Consent decrees are “essential” and shouldn’t be “diminished,” said NAB. The decrees “provide important protections against the inherently anti-competitive features” of PROs, it said. “The blanket licensing of performance rights is inherently anti-competitive because the very nature of the PROs’ blanket license involves the fixing of a single price for all music, irrespective of which songs are actually used.” The decrees shouldn’t be “amended to allow the PROs to discriminate against certain licensees by allowing music publishers to selectively withdraw their catalogs with respect to some licensees but not others,” it said. If amended, consent decrees should “require greater transparency with respect to the PROs’ repertories,” said NAB.
The uniform rates for all songs established in the original 1941 consent decrees were for a “pre-computer world,” said Alan McQuinn, ITIF research assistant and principal author of its comments, in an interview. There should be “dynamic pricing” to reflect the contemporary music licensing landscape, he said. McQuinn said the comments were written from a “neutral” policy perspective.
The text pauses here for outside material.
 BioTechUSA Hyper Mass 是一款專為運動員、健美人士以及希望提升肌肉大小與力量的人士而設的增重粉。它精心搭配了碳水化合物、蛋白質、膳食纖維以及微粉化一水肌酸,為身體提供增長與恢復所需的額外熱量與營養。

PROs should be able to license mechanical and synchronization rights to “further simplify the complex” music licensing system, commented ITIF. It wants a “one-stop-shop” music catalog so “potential licensees would be free to find and pick what licenses they wish to purchase, and third-party developers could build applications on top of the PRO’s databases to facilitate music licensing.” DOJ should “consider either arbitration or creating a means by which rate courts can expedite their decisions,” it said.
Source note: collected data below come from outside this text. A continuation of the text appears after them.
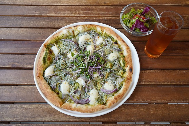 店の名前が付いた「湘南テラスピザ(1,420円)」をいただきました。迫力の大きさのピザには、湘南名物しらすが本当にたっぷり。窯焼きのピザは香ばしく、大葉を使ったジェノベーゼソースに加えて、少し生姜も効いていてさっぱり。ランチタイムはサラダと飲み物もついています。
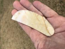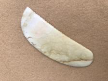 A beautiful Gerzean blade, knapped by the pioneer of the stone-on-stone knives, Dale Cannon. The Gerzean blade was an ancient Egyptian blade type that was flaked on only one side. The material is Oregon Indian Paint. The colors are cream and light tan, with a spot of light orange. Dale worked with the Smithsonian to help design the flint knapping exhibit. I’m sure Dale would have put this blade in one of his beautiful, engraved marble handles, if he’d had enough time before the knap-in. We purchased some of his knives and the blade from him at the Water Creek Knap-in, May 2000. Inv # 0005-207R |
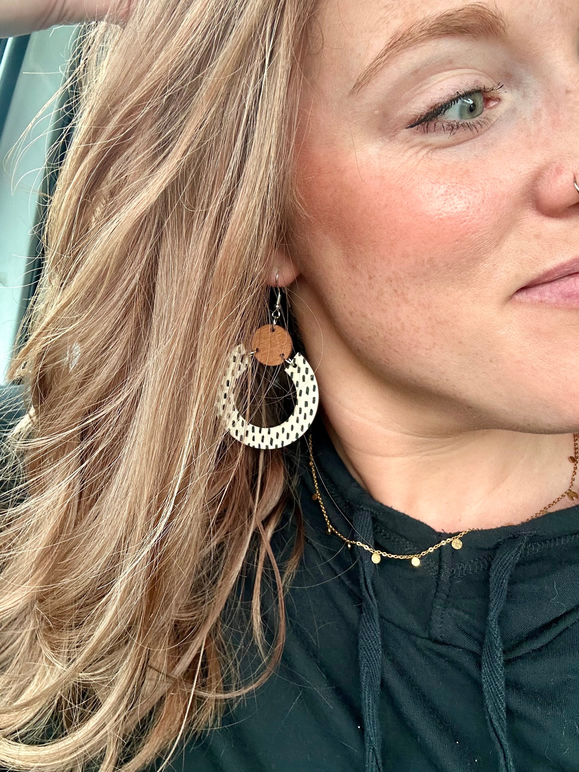 Add a touch of elegance to your outfit with our Beautiful White Wood Circle Earrings. Crafted with care, these unique earrings are perfect for any occasion, featuring a soft and delicate white hue that adds a touch of femininity and sophistication to your look.
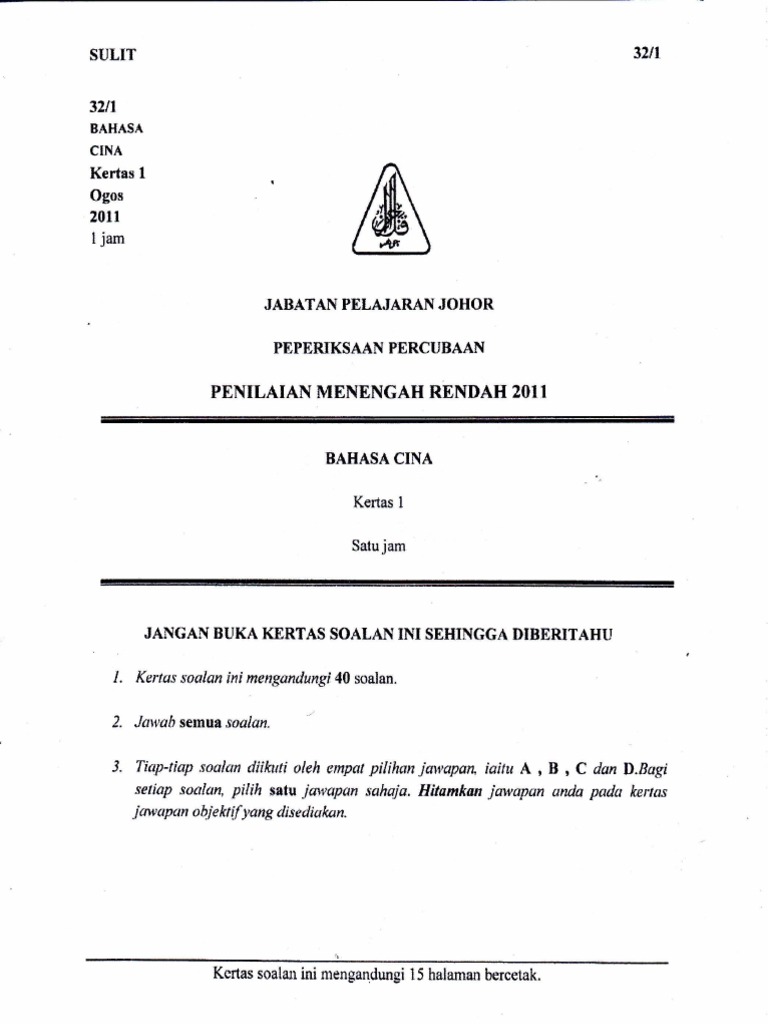 Percubaan Pmr 2011 Bahasa Cina Johor Pdf

The FMC “refuses to reveal who funds” it and “continues to undermine what’s in songwriters best interest with fear mongering that ultimately benefits the technology companies who profit off of archaic consent decrees,” said NMPA in a statement. “The result of current BMI and ASCAP consent decree restrictions is not simply below-market rates for songwriters and publishers, but an inability to utilize what is fundamentally a free market right in a manner determined by the rights holder to be best."
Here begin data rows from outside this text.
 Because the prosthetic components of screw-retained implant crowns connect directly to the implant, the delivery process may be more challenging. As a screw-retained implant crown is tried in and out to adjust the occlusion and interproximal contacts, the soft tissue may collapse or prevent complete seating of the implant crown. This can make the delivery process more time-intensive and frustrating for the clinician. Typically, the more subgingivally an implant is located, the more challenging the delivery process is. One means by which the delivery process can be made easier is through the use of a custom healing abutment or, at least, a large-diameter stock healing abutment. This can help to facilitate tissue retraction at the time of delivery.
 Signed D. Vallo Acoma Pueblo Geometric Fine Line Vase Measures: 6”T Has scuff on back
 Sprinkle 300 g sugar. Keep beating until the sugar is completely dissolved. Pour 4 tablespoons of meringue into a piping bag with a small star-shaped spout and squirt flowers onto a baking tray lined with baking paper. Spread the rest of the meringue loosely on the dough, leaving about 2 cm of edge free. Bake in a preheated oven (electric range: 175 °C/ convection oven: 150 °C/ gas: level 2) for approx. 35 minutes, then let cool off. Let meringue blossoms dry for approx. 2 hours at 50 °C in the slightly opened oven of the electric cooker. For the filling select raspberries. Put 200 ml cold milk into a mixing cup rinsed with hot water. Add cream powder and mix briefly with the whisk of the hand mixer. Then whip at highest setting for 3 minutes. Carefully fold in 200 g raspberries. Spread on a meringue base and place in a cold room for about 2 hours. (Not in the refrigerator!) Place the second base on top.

"The interests of the multinational corporations that own the major publishers may sometimes align with ‘what’s in songwriters’ best interest,’ but certainly not always,” said FMC in a statement. “On those occasions when NMPA does the right thing for songwriters, we'll even defend them from unfair criticism,” but when NMPA’s “position puts songwriters at risk, we say that too,” it said. “Rather than engage our actual arguments about benefits of the consent decrees and songwriters’ continued need for transparency, direct payment, and guaranteed splits,” NMPA resorts to “aggressive ad hominems,” said FMC, saying it would prefer to work with NMPA on issues of agreement. FMC isn’t “alone” in its “concern” over the “biggest publishers crippling the PRO system and disadvantaging indie-affiliated songwriters by robbing them of negotiating leverage,” it said.